Upon entering Real Sports, the sports bar adjacent to Air Canada Centre, one of the first things you see is the icon of Canadian sporting greatness.
Your eyes having adjusted to the glare of massive television screens and accounted for the little black dresses on the wait staff, what next holds them is a life-sized replica of the Stanley Cup, backlit and shining, hockey's Holy Grail. And you think ... seriously? A sculpture of the trophy that has remained comically out of reach of the Toronto Maple Leafs for 43 years and counting? Unabashedly displayed in the entrance of the restaurant opened recently by the owners of the Maple Leafs?
It's the corporate equivalent of a tattoo that says, "Kick me."
Maple Leaf Sports and Entertainment Ltd. is the cash-churning colossus that owns the Toronto Maple Leafs, Toronto Raptors, Toronto FC, Air Canada Centre, Toronto Marlies, a pair of condominium towers, Real Sports and, soon, a gourmet restaurant. What MLSE touches usually turns to gold. Real Sports, for example, was recently recognized by ESPN as North America's best sports bar, a remarkable feat considering that it opened just two months ago.
"I didn't even know there was a contest," says Richard Peddie, MLSE's chief executive officer.

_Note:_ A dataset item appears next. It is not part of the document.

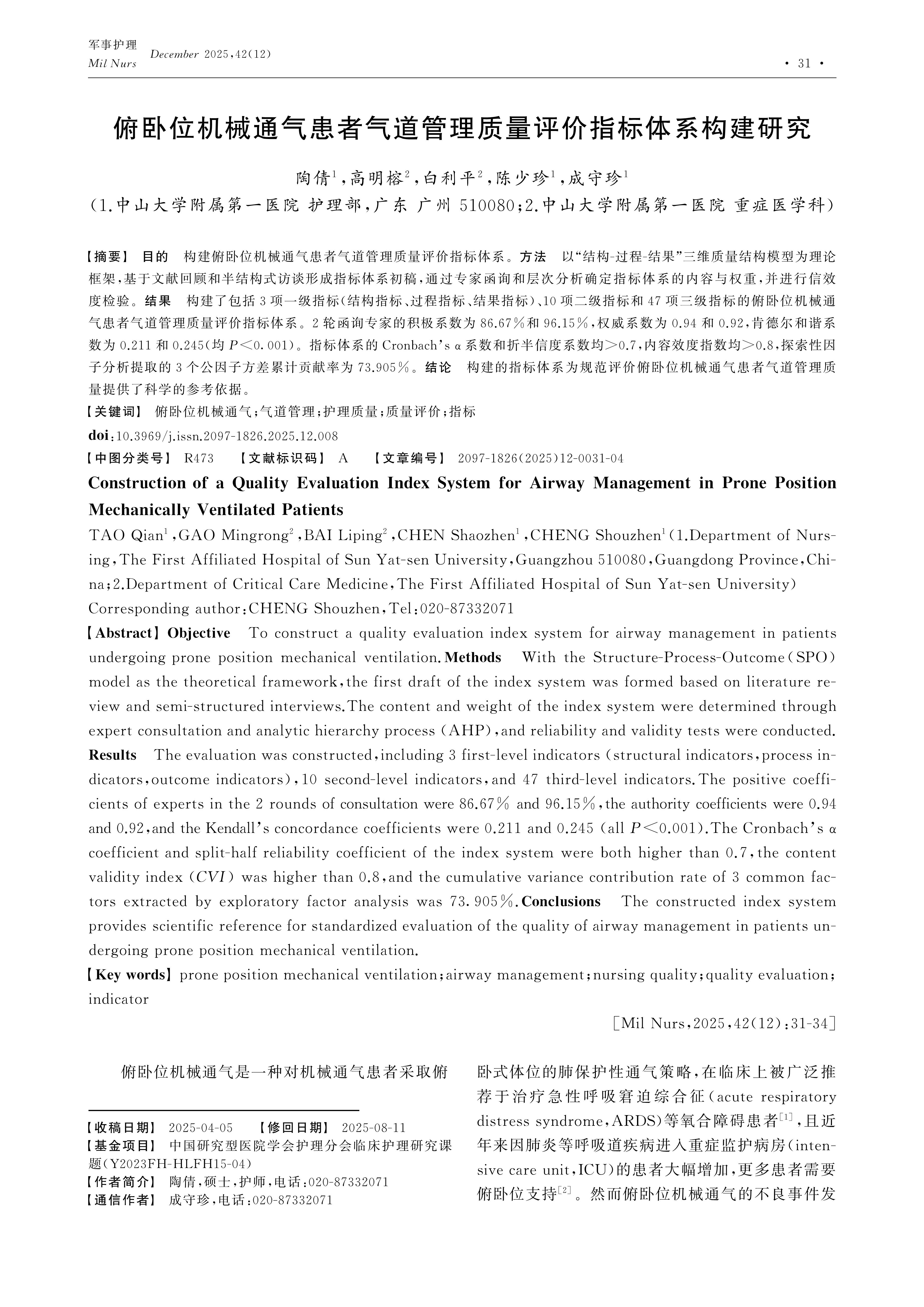 Objective To construct a quality evaluation index system for airway management in patients undergoing prone position mechanical ventilation.Methods With the Structure-Process-Outcome(SPO) model as the theoretical framework,the first draft of the index system was formed based on literature review and semi-structured interviews.The content and weight of the index system were determined through expert consultation and analytic hierarchy process (AHP),and reliability and validity tests were conducted.Results The evaluation was constructed,including 3 first-level indicators (structural indicators,process indicators,outcome indicators),10 second-level indicators,and 47 third-level indicators.The positive coefficients of experts in the 2 rounds of consultation were 86.67% and 96.15%,the authority coefficients were 0.94 and 0.92,and the Kendall’s concordance coefficients were 0.211 and 0.245 (all P<0.001).The Cronbach’s α coefficient and split-half reliability coefficient of the index system were both higher than 0.7,the content validity index (CVI) was higher than 0.8,and the cumulative variance contribution rate of 3 common factors extracted by exploratory factor analysis was 73.905%.Conclusions The constructed index system provides scientific reference for standardized evaluation of the quality of airway management in patients undergoing prone position mechanical ventilation.

The company, owned by Ontario Teachers' Pension Plan (66 per cent), Larry Tanenbaum (20.5 per cent) and TD Capital Group (13.5 per cent), is a sports and entertainment success story that can only be measured in global terms. No other such Canadian enterprise approaches it, and just a handful of North American companies can match MLSE's brand reach and profitability - think the New York Yankees, Dallas Cowboys, Los Angeles Lakers.
"I'm a huge fan of theirs; I think they are fantastic," says Tim Leiweke, president and CEO of Anschutz Entertainment Group, the largest sports and entertainment company on the planet and owners of the Lakers, Los Angeles Kings, Major League Soccer franchises, and other teams, arenas and stadiums.

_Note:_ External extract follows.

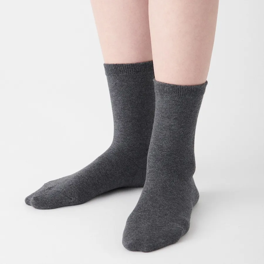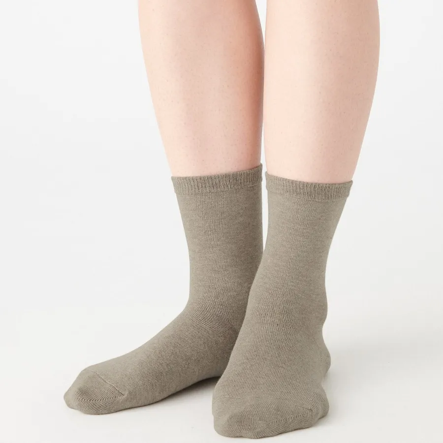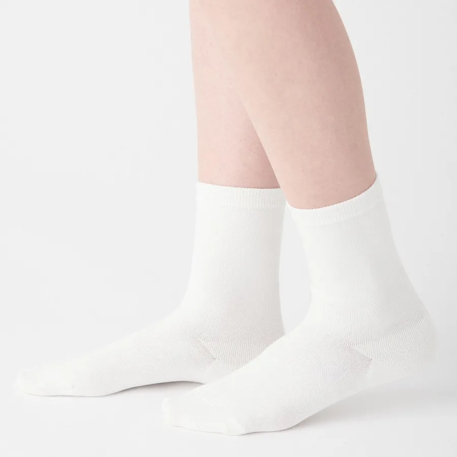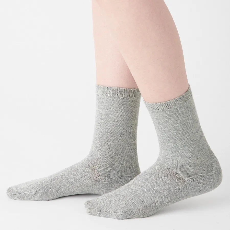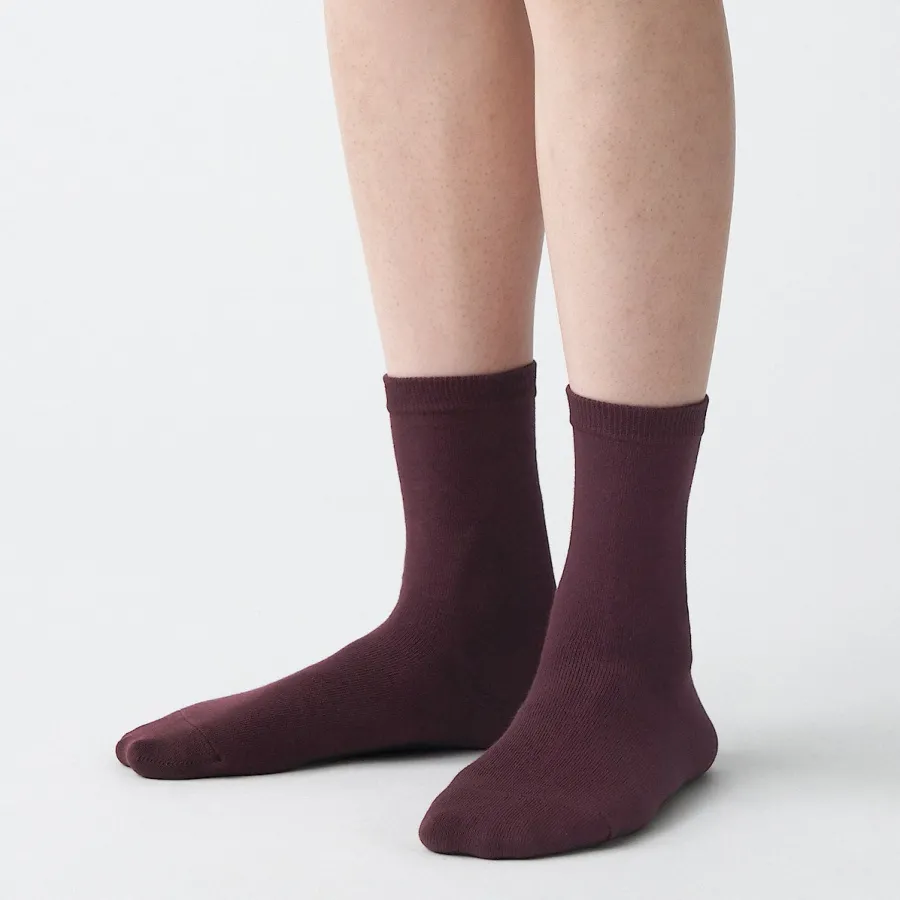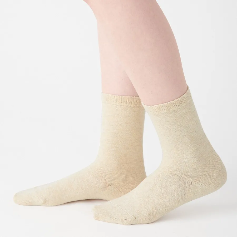 Rib socks with made with right angles to fit the heels. Combination of cotton and stretch thread made with organic cotton.

Since Teachers backed former owner Steve Stavro in a 1994 court fight to gain control of MLG Holdings, the valuation of the company has grown to an estimated $1.7-billion from $180-million in spite of the fact that on the fields of play, MLSE's teams are persistent, inveterate losers. The company that Peddie runs on behalf of Teachers' produces rivers of revenue - about $500-million annually, according to a source close to the company.
The contrast between the team's obvious business acumen and its failure at the business of winning is so vivid that it begs the question: Does one flow from the next? Does the objective of maximizing profit - certainly one goal of a professional sports franchise - compromise what fans would like to think is the other: winning games, making the playoffs and even bringing home the odd championship?
The rebuilding Maple Leafs, coming off a 29th-place finish in the 30-team NHL, look to be headed for a club-record sixth consecutive season out of the playoffs. Still, attendance averaged 19,260 last season, and to sit in platinum seats along the glass, people paid $1,317 a game for a pair. Forbes magazine estimated the value of the franchise at $470-million (U.S.) last year.
The Raptors of the NBA lost franchise player Chris Bosh to the Miami Heat this summer, forcing the team into yet another rebuilding phase. In 15 seasons the Raptors have advanced to the second round of the playoffs just once, and this season the team is commonly predicted to dwell close to the NBA cellar. The team drew 17,897 a game; to sit courtside in the front row, people paid $2,240 for a pair. Forbes valued the franchise at $386-million (U.S.).
Toronto FC of Major League Soccer has yet to make the playoffs in four seasons and just fired the general manager and fourth coach. Still, the soccer franchise, bought for $10-million (U.S.), is worth about $100-million now. BMO Field is sold out for nearly every home game, and MLSE just hiked season-ticket prices for 2011. To watch the team compete in a middling league, fans will pay more ($90.78, for a top ticket) than they would to see international superstars play for Manchester United in the English Premier League ($79).
Peddie is seated in a booth in Real Sports, having just given a tour of its countless amenities to a pair of visitors. And if a server seems not to recognize that she's bringing a plate of chicken wings - dipped in a buttermilk-based batter on the premises that morning - to her boss, he doesn't mind. But does he mind the losing?